People tell me that, broadly speaking, the difference between “machine learning” and “statistics” is that the former concerns itself with learning highly complex functional relationships in the high signal-to-noise regime, while the latter concerns itself with estimating simple functional relationships in the low signal-to-noise regime. (I believe this was on slide in Geoffrey Hinton’s talk at the Oxford Martin school). For instance, learning to assign text descriptions to photographs given a huge library of images with somewhat reliable meta-data would call for a machine learning algorithm (like ANNs with deep-learning). Conversely, estimating the relative risk of stomach ulcers as a side-effect of a new headache pill given only a handful of uncertain results from heterogeneous studies would call for a statistical approach (e.g. a Bayesian meta-analysis).

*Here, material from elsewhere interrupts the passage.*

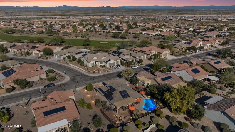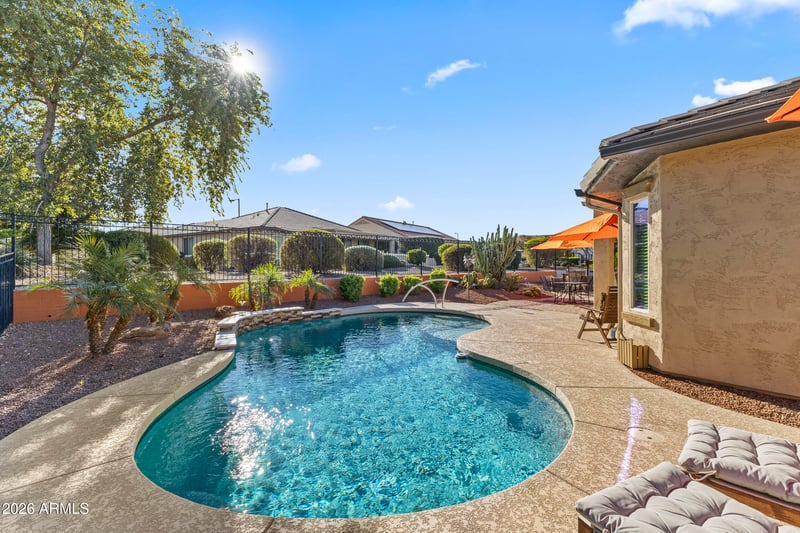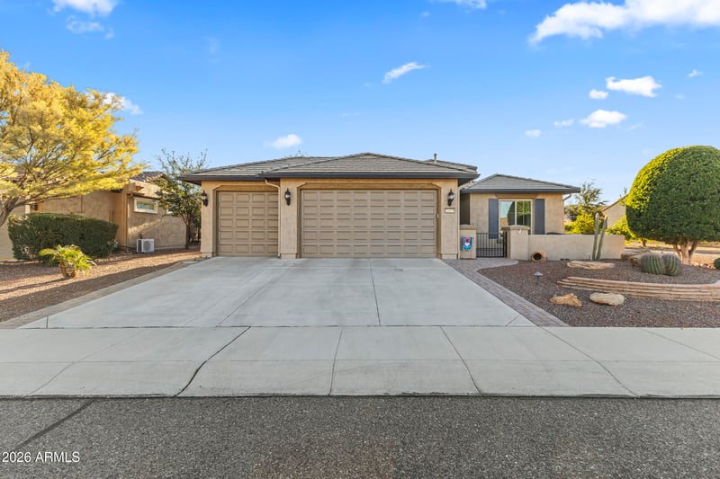 Listing details for 20497 271st Ave, Buckeye, AZ 85396 : Discover this feature-rich Gala model with a RARE 3-CAR GARAGE, thoughtfully designed for comfort and style. This home offers 2 bedrooms, 2 bathrooms, plus a den, along with energy efficient SOLAR & a Gas-Heated POOL. The kitchen shines with Granite countertops, sophisticated Backsplash, Gas Range, Glide-out Shelving, & Reverse Osmosis. The spacious Owner's Suite bathroom includes French Doors for privacy, Dual Vanities, & LARGE Walk-in Closet. Step outside to a true backyard OASIS featuring an Extended Paver Patio, fully Fenced yard & Firepit, perfect for year-round entertaining. The Temperature-Controlled garage boasts Epoxy Floors, Storage Cabinets, Workbench, Utility Sink, Tankless Water Heater, & Water Softener. A must-see home that blends luxury, function, & exceptional upgrades!

Now, if one can allow such a broad-brush classification one can imagine my surprise at seeing logistic regression (at face value, statistical) lumped together with support vector machines (intermediate) and random forests (machine learning) in a recent arXival by de los Rios et al.. Especially when there’s no detailed explanation of how the logistic regression model (for identification of merging clusters) was put together, and certainly no indication that terms other than linear were considered nor of any model discrimination / regularization constraints, such as would be required to push ordinary logistic regression into the machine learning regime. Indeed, all we are told is that the three off-the-shelf algorithms were tried in R and only random forests did anything. Looking at the ROC curve in their Fig 1 makes a stronger point: random forests was the only algorithm doing better than random guessing! For the referee this should have been a instant red flag pointing to either lazy or naive application of what are not fully automatic machine learning tools.
Compare this to de Souza et al. where we use only logistic regression but with a non-trivial set of candidate models including polynomial terms & interactions between coefficients with an information criterion (not shown) computed for model selection. To wit, it’s not the flavour of your algorithm it’s what you do with it!